Let's start with your project: 

Are you a data scientist? 

I think you are an awesome a data scientist.

### **Problem** 
**Our goal is to create a predictive model that can answer the following question:**

**What kind of people had a better chance of surviving?**

**Data about passengers:**
*   Name
*   Age
*   Gender.


## Build Spark Session

In [2]:
import warnings
warnings.filterwarnings("ignore")

import findspark
findspark.init()
import pyspark
from pyspark.sql import SparkSession
from pyspark.sql.types import *
import pyspark.sql.functions as F

spark = SparkSession.builder.appName('Titanic_Survival_Predection').getOrCreate()
spark

21/11/01 08:27:02 WARN Utils: Your hostname, TheDragon resolves to a loopback address: 127.0.1.1; using 192.168.1.4 instead (on interface wlo1)
21/11/01 08:27:02 WARN Utils: Set SPARK_LOCAL_IP if you need to bind to another address
21/11/01 08:27:04 WARN NativeCodeLoader: Unable to load native-hadoop library for your platform... using builtin-java classes where applicable
Using Spark's default log4j profile: org/apache/spark/log4j-defaults.properties
Setting default log level to "WARN".
To adjust logging level use sc.setLogLevel(newLevel).

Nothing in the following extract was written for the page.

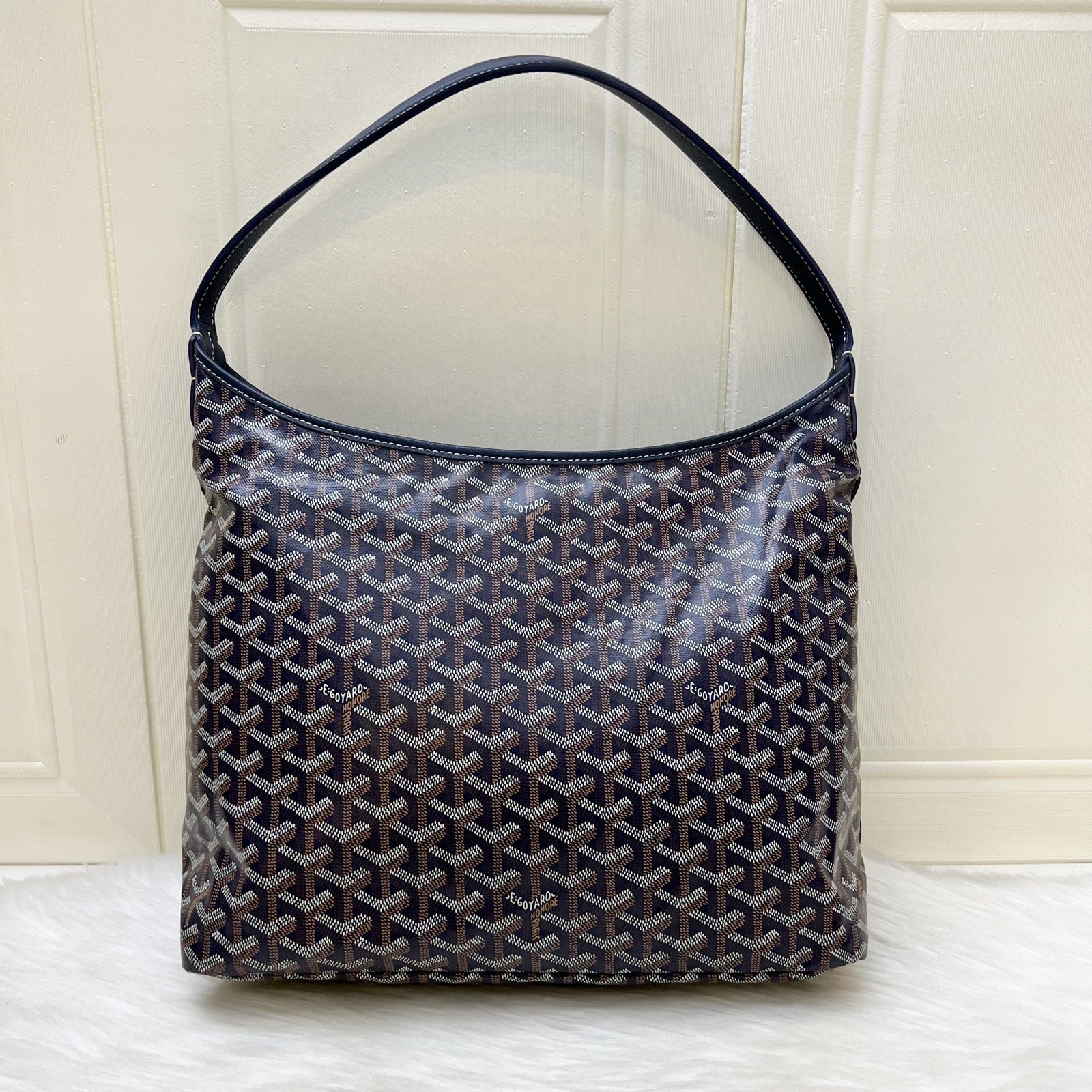 Goyard Boheme PM Hobo Bag in Bleu Marine Signature Goyardine Canvas with a Blue Heart Stamp on Pouch

For SparkR, use setLogLevel(newLevel).


In [3]:
from pyspark.ml.feature import VectorAssembler # Transformer
from pyspark.ml.classification import RandomForestClassifier # Estimator
from pyspark.ml import Pipeline
from pyspark.ml.feature import StringIndexer, OneHotEncoder
from pyspark.ml.evaluation import MulticlassClassificationEvaluator

## Data Loading


You have two datasets: 
* Train  
* Test.

Read two datasets: 
* Train
* Test.



In [4]:
trainDF = spark.read.csv('./train.csv', header=True, inferSchema=True)
testDF = spark.read.csv('./test.csv', header=True, inferSchema=True)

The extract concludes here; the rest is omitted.